Data backup in the company: 12 backup tips for your IT security

by von Sabrina Stein
Last edited on: 2024-05-30

There are many ways to protect the valuable data on which your company's fundamental processes are based. Probably the most important measure you can take to prevent a relevant data loss is a backup. Because no matter how sophisticated cyber criminals are, if you have backed up your data properly, you can always restore it – in almost every case! We explain the criteria you need to fulfil to ensure that your backup is really secure.

Data security tips for backups: Represented by a glowing light bulb

Data backup according to the protection goals of information security

To ensure that data, in other words information, is really secure, you should fulfil the so-called "protection goals of information security".

Important information must be protected because it is a particularly valuable resource for companies. In order to fulfil this need for protection, companies should be guided by the so-called protection goals of information security.

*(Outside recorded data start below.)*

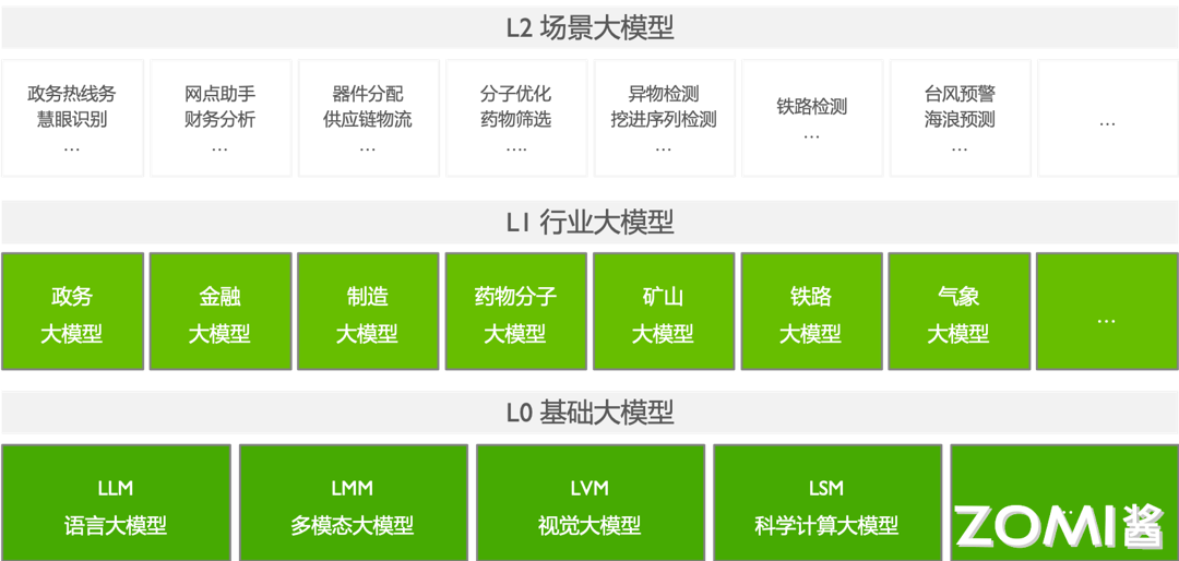 从应用领域上看,大模型可分为 L0、L1、L2 三层。其中 L0 层面是通用基础大模型,涉及到 LLM、LVM、LMM、GLM 等等,通用大模型是具有强大泛化能力,可在不进行微调或少量微调的情况下完成多场景任务,相当于 AI 完成了“通识教育”,ChatGPT、华为盘古都是通用大模型;L1 是构建在 L0 基础上面向行业进行训练的行业大模型(包含政务、金融、制造、矿山、铁路等行业),行业大模型利用行业知识对大模型进行微调,让 AI 完成“专业教育”,以满足在能源、金融、制造、传媒等不同领域的具体需求,如金融领域的 BloombergGPT、航天-百度文心等;而 L2 层则是面是面向一些具体细分行业,通过工作流等从 L1 行业大模型中抽取的符合场景需求,进行针对具体的行业数据机型微调后,使模型处于更加细分领域的场景中应用。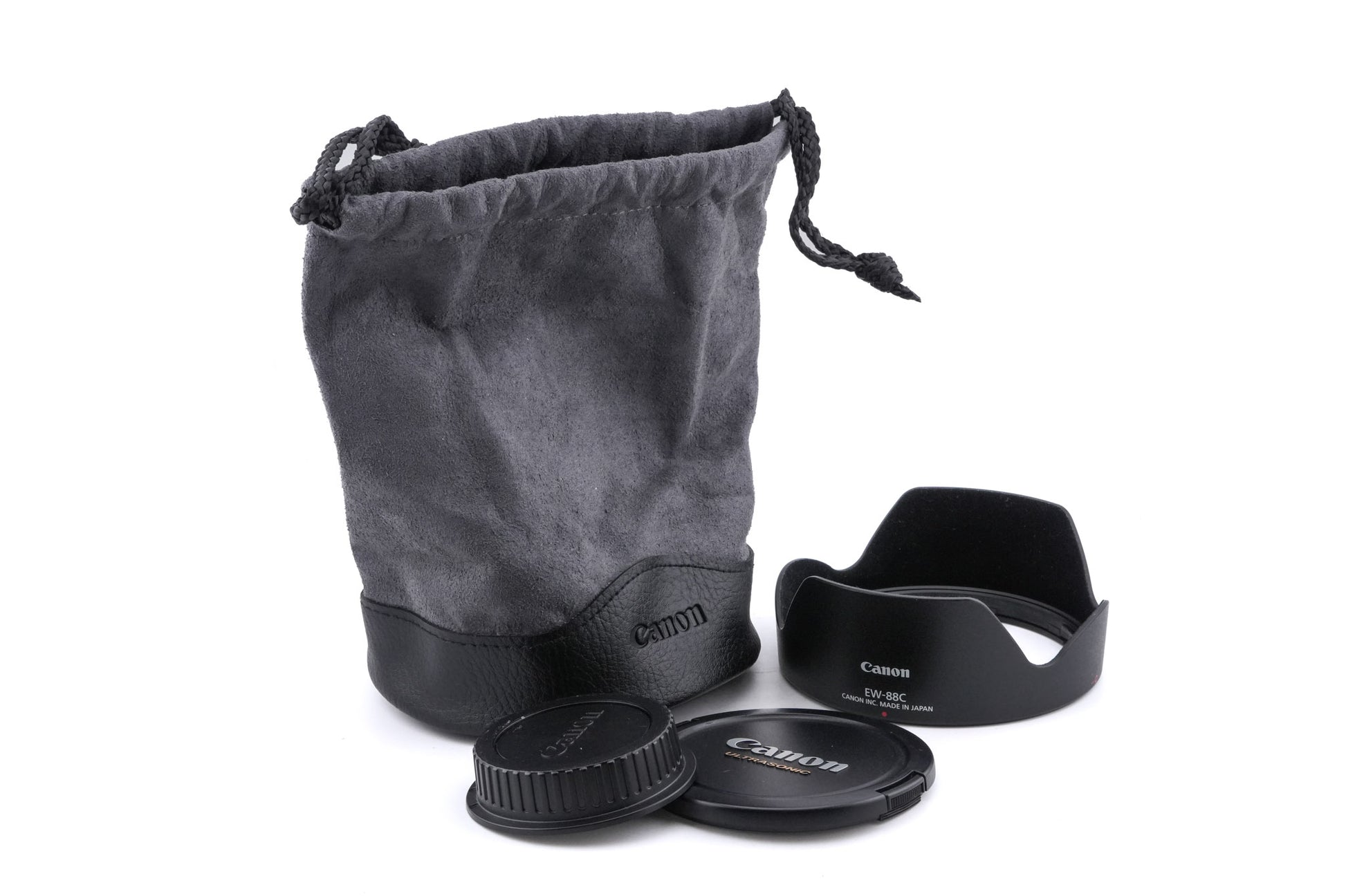 Autofocus normal zoom made for EF-mount SLR cameras by Canon. It is part of their L series of professional lenses and has a weather-sealing gasket. It also uses Canon's ultrasonic motor (USM) for autofocus. Metal and plastic body available in black.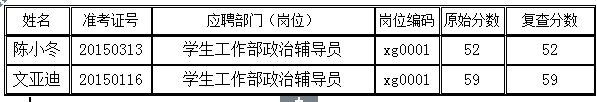 万象城2015年5月公开招聘工作人员考试笔试总成绩公示后,至2015年6月9日11:30,共收到2名考生要求查分的申请。在学校纪委、监审处监督下,公招工作领导小组办公室工作人员组成联合查分小组核查,现将笔试总成绩查分结果公示如下: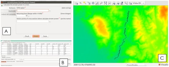 (A) The user interface of the r.stream.power, the module of GRASS GIS. Required inputs are vector points that represent the locations of cross-sections at which the stream power and DEM should be calculated. (B) The model output represented by a vector points layer; the attribute table contains, in detail, all of the code-calculated parameters, such as discharge, downstream channel length from the source point, local elevation, elevation drops, upslope for several distances, and the TSP for upslope distances of 100, 200, and 400 m. (C) Output points generated by the code plotted over the DEM used as input.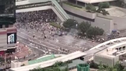 Este fue el momento en que los manifestantes en el área de Wan Chai en Hong Kong huyeron de un grupo de policías antidisturbios este 12 de junio durante el segundo día de manifestaciones contra un proyecto de ley de extradición.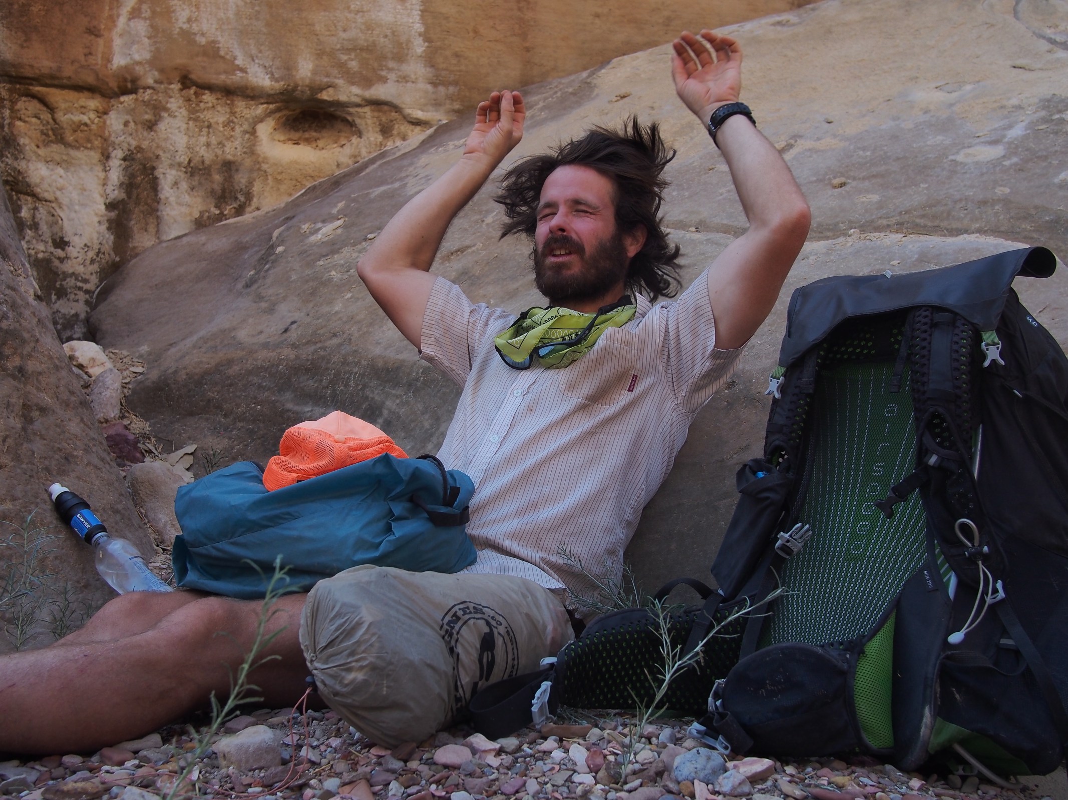 With heavy packs we walked cross country following cow paths until descending into Monday Canyon. For the next 7 miles we walked slowly through this canyon choked with boulders and trees. It was tedious and very slow going. There were lots of pour offs that were too steep to just jump down so we had to maneuver around them and navigate lots of boulders. There may have been a way around all this but we didn’t find it. Eventually the sun started to set so we found a flat spot and set up for the night. I think there’ll be more boulder choked canyon hiking for the morning.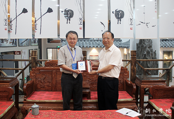 beat365校长侯长林教授与台湾通识教育学会理事长庄荣辉教授交流并赠送纪念品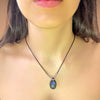 Questa collana presenta una pietra ovale di 19x14mm, i cui riflessi blu profondi evocano le profondità dell'oceano. L'incastonatura, realizzata con l'antica arte del macramè, ne valorizza la bellezza naturale e crea un design unico. La lunghezza di 52 cm la rende perfetta per essere indossata sopra una maglietta o un maglioncino, aggiungendo un tocco di eleganza e mistero al tuo stile. Un gioiello artigianale che cattura lo sguardo e celebra la bellezza della natura.

What are the protection goals of information security?

The protection goals of information security are, so to speak, principles that are used to protect the company's data from misuse, loss or damage in order to protect the company itself. The most important protection goals of information security are confidentiality, integrity and availability.

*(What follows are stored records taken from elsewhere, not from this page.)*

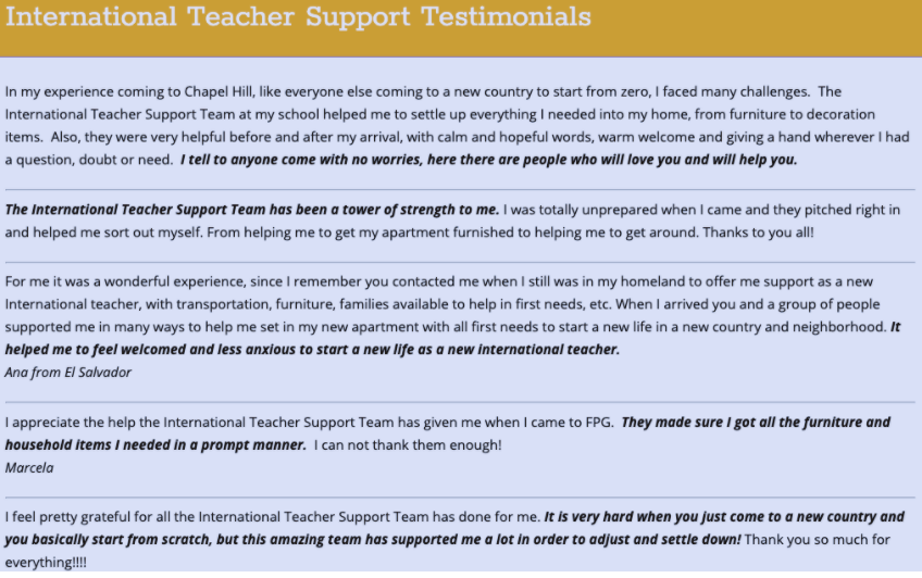 PTA sponsored resources for new International teachers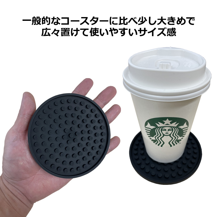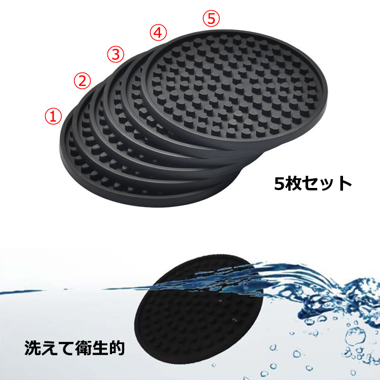 コースター 5枚 セット シンプル ラバー ゴム 滑らない 大きめ 大きい 大判 裏表 丸形 黒 ブラック バーマット風 洗える 丸洗い 衛生的 業務用 送料無料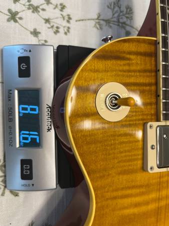 Body: Solid mahogany body with premium curly maple top in Cherry Sunburst finish & cream binding. Aluminum Stopbar tailpiece & Locking Tune-O-Matic bridge with nickel hardware. Single-ply cream pickguard & jackplate. Guitar weighs 8 lbs 1.6 oz.
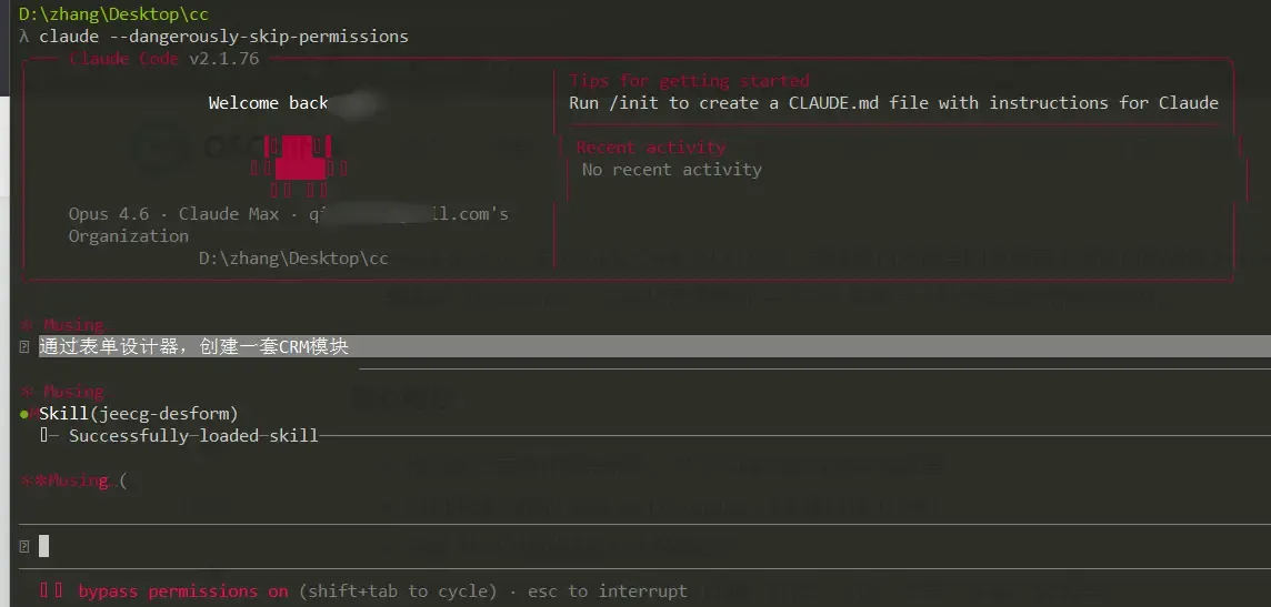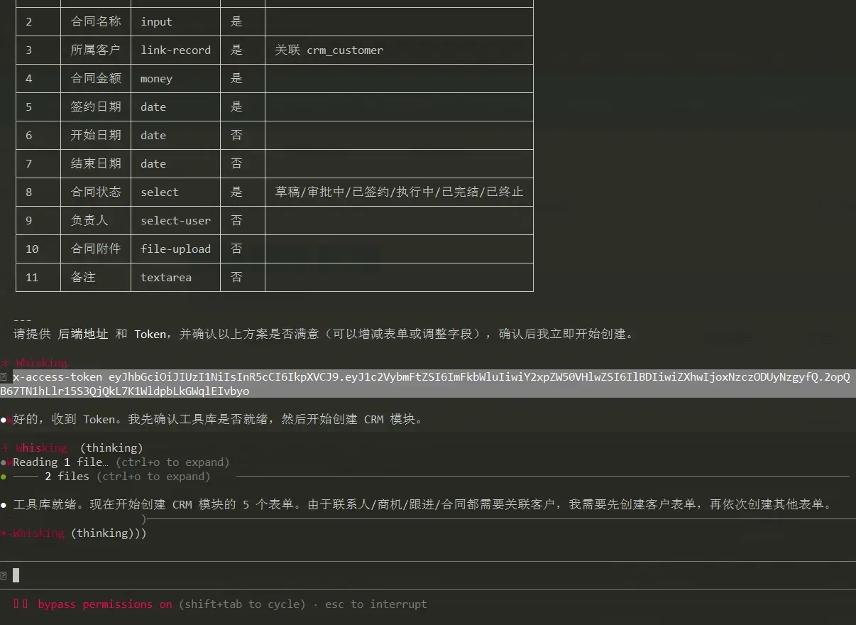 在 Claude Code 中输入指令:通过表单设计器,创建一套CRM模块,然后静待 AI 完成全部工作即可。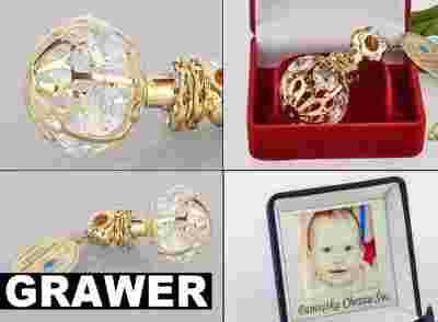 Grzechotka Swarovski Pudełko CHRZEST Roczek grawer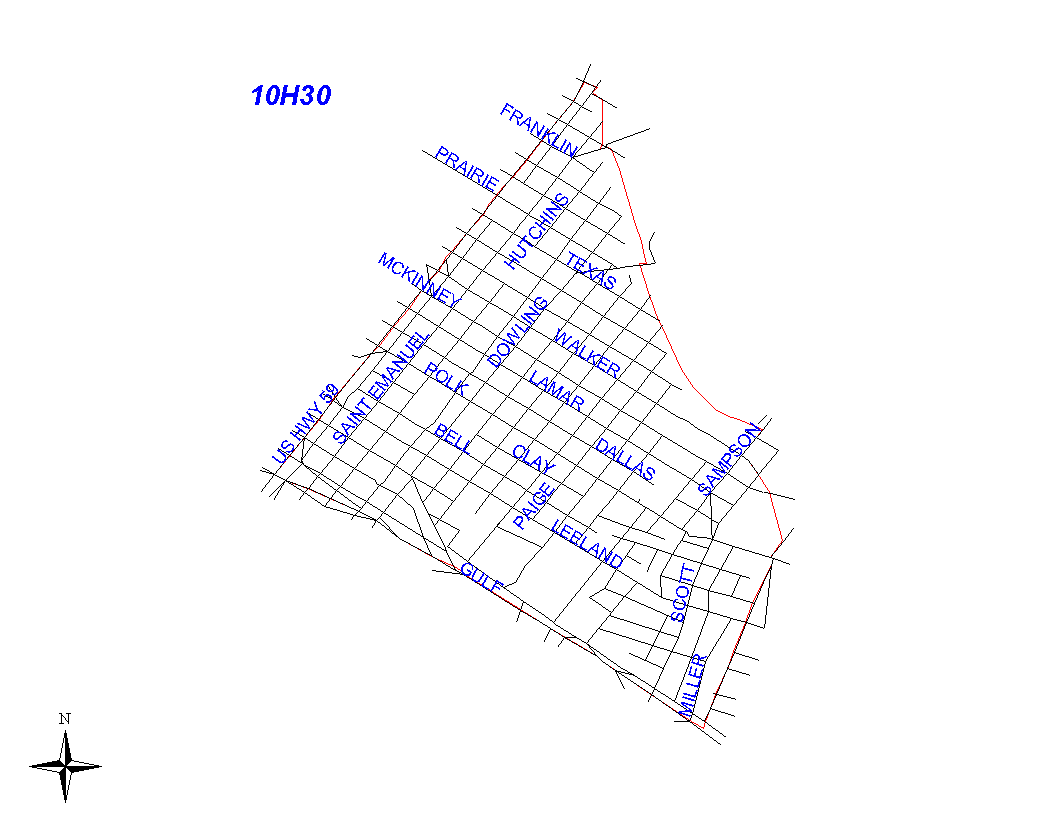 The boundary begins at the Eastex Freeway (Highway 59) and the south side of Canal and follows Canal a few feeet to the MKTMP railroad tracks. Canal is the responsibility of 10H10's beat. The boundary follows the railroad tracks south to Sampson, and continues south on Sampson about a block to the HB&T railroad tracks. Sampson is the responsibility of 10H30. It turns south along the HB&T railroad tracks to Milby. The boundary continues south on Milby to the Gulf Freeway. Milby is the responsibility of 10H30. The boundary turns northwest on the Gulf Freeway to Eastex Freeway. The Gulf Freeway is the responsibility of 10H30. It turns northeast on the Eastex Freeway to the intersection with Canal. The Eastex Freeway is the responsibility of 1A10's beat.

The first protection goal of information security: confidentiality

As the name of this protection objective describes, confidential data should only be made accessible to persons who need the data for their work and to whom you can entrust it.

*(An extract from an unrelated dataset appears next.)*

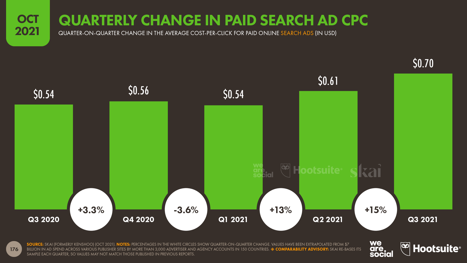 هزینه تبلیغات دیجیتال جهش می کند آخرین داده های Skai (کنشو سابق) نشان می دهد که هزینه رسیدن به مخاطبان در رسانه های اجتماعی طی 12 ماه گذشته به میزان قابل توجهی افزایش یافته است. بیش از 33 درصد از این زمان در سال گذشته است. می خواهند تا کنون و تا پایان سال قیمتهای بسیار بالاتری را مهیا کنند. البته عملکرد گذشته همیشه شاخص قابل اعتمادی برای روندهای آینده نیست ، اما اگر امسال شاهد چنین روندی باشیم ، بازاریابان نباید از دیدن متوسط CPM های رسانه های اجتماعی به 9 دلار در 3 ماه گذشته متعجب شوند. در سال 2021. الگوی مشابه تورم هزینه تبلیغات در تبلیغات جستجو نیز مشهود است ، به طوری که Skai افزایش 30 درصدی سالانه در میانگین هزینه جستجوی جهانی (CPC) را در مقایسه با سال قبل گزارش کرده است. مشابه آخرین روند رسانه های اجتماعی، CPC های جستجو در سه ماهه سوم 2021 در حال حاضر بسیار بالاتر از میانگین CPC در سه ماهه "تعطیلات" سال 2020 (Q4) بوده است، که نشان می دهد ممکن است در ماه های آینده شاهد هزینه های بالاتر مرتبط با تبلیغات جستجو باشیم.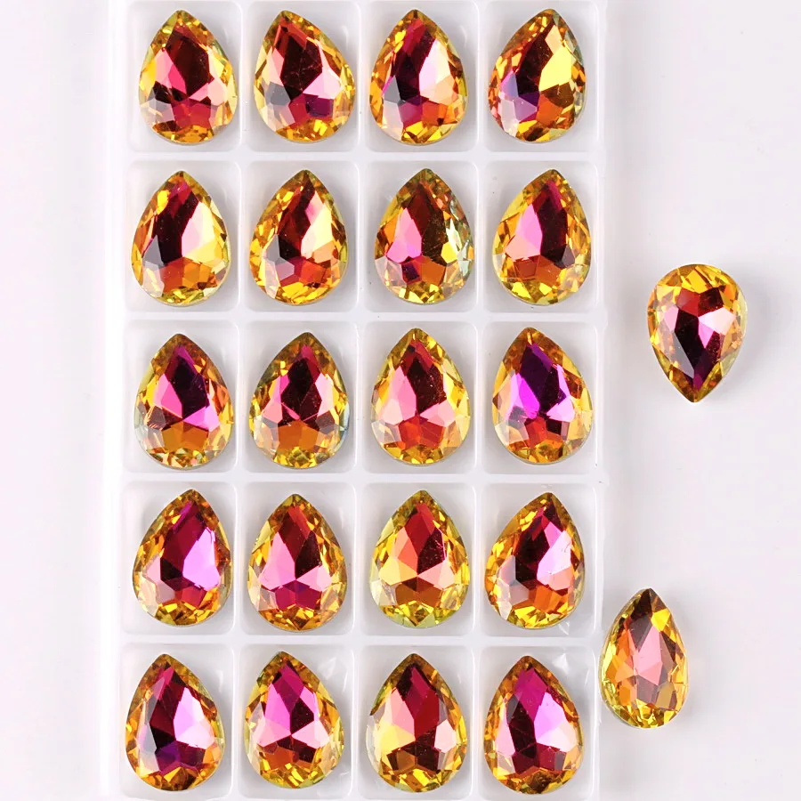 Стеклянный кристалл в форме капли воды 3 размера радуга и желе конфеты AB цвета точка обратная сторона клея на Стразы бусины Аппликация diy отделка

Persons other than authorised, entitled persons must not have access to your business-critical data, sensitive data or customer data.

You can achieve this by encrypting the data or using access controls.

Second protection goal of information security: integrity

This protection objective refers to ensuring that data remains correct and unchanged – in other words, that it is also protected against modification or damage by unauthorised persons. This goal can also be achieved through access controls, encryption and data backups.

Third protection goal of information security: availability

Of course, your company's data only fulfils its purpose if it is available – in other words, if it is made accessible to authorised persons. To ensure availability, data and systems must be protected against failure and loss – for example due to environmental influences or cybercrime. This can be achieved through redundant systems, emergency plans and protection against cyberattacks.

If these protection goals are met, this not only serves to ensure business continuity, but also promotes the trust of customers and other involved parties. Negative legal consequences can also be prevented as a result.

Backup security: How to make your data backup secure

To ensure that your backup – the security measure among security measures – fulfils these objectives and at the same time pays off, it should meet various security criteria. Here is a selection of the most important points that you should definitely check before you sit back and relax when it comes to backups.

  • 1
    Backup data should be stored redundantly – ideally at several geographically distributed locations to avoid failures due to disasters or hardware failures.
  • 2
    Implementing different backup methods such as full, differential and incremental backups can increase the efficiency of your data backup and improve recovery time. It is important to consider the specific requirements of your organisation.
  • 3
    The integration of your backup systems into a secure network reduces the risk of cyberattacks and data leaks, which protects the integrity of your business data and the reputation of your company.
  • 4
    Awell thought-out backup plan that defines the frequency of backups, retention periods and recovery goals is essential. The individual requirements of your company must also be taken into account here.
  • 5
    The backup processes should be largely automated to minimise human errors and ensure that backups are actually created successfully on a regular basis.
  • 6
    The successful execution of your backups must be checked regularly. It is no good if you trust your backup – but it is not created at the desired intervals.
  • 7
    There should be a clear disaster recovery plan in place that is regularly tested to ensure that data can be recovered quickly in the event of an emergency. This is critical to maintaining your business continuity.
  • 8
    The backup system should comply with applicable legal requirements and industry-specific regulations, such as the General Data Protection Regulation (GDPR).
  • 9
    The physical security of backup storage locations is just as important as the security of the data itself. This includes protection against theft, fire, water and other potential dangers. Backup storage locations should therefore be secure and protected against unauthorised access.
  • 10
    Regularly updating your backup systems minimises the risk of security vulnerabilities and increases resistance to cyber attacks, which improves the reliability of your data recovery.
  • 11
    By restricting access to backup data to authorised users, you minimise the risk of data misuse or unauthorised access, thereby maintaining the integrity of your business data.
  • 12
    Employees should be regularly trained and made aware of the best security practices when handling backup data. This can help to reduce human errors and increase the security of backup systems.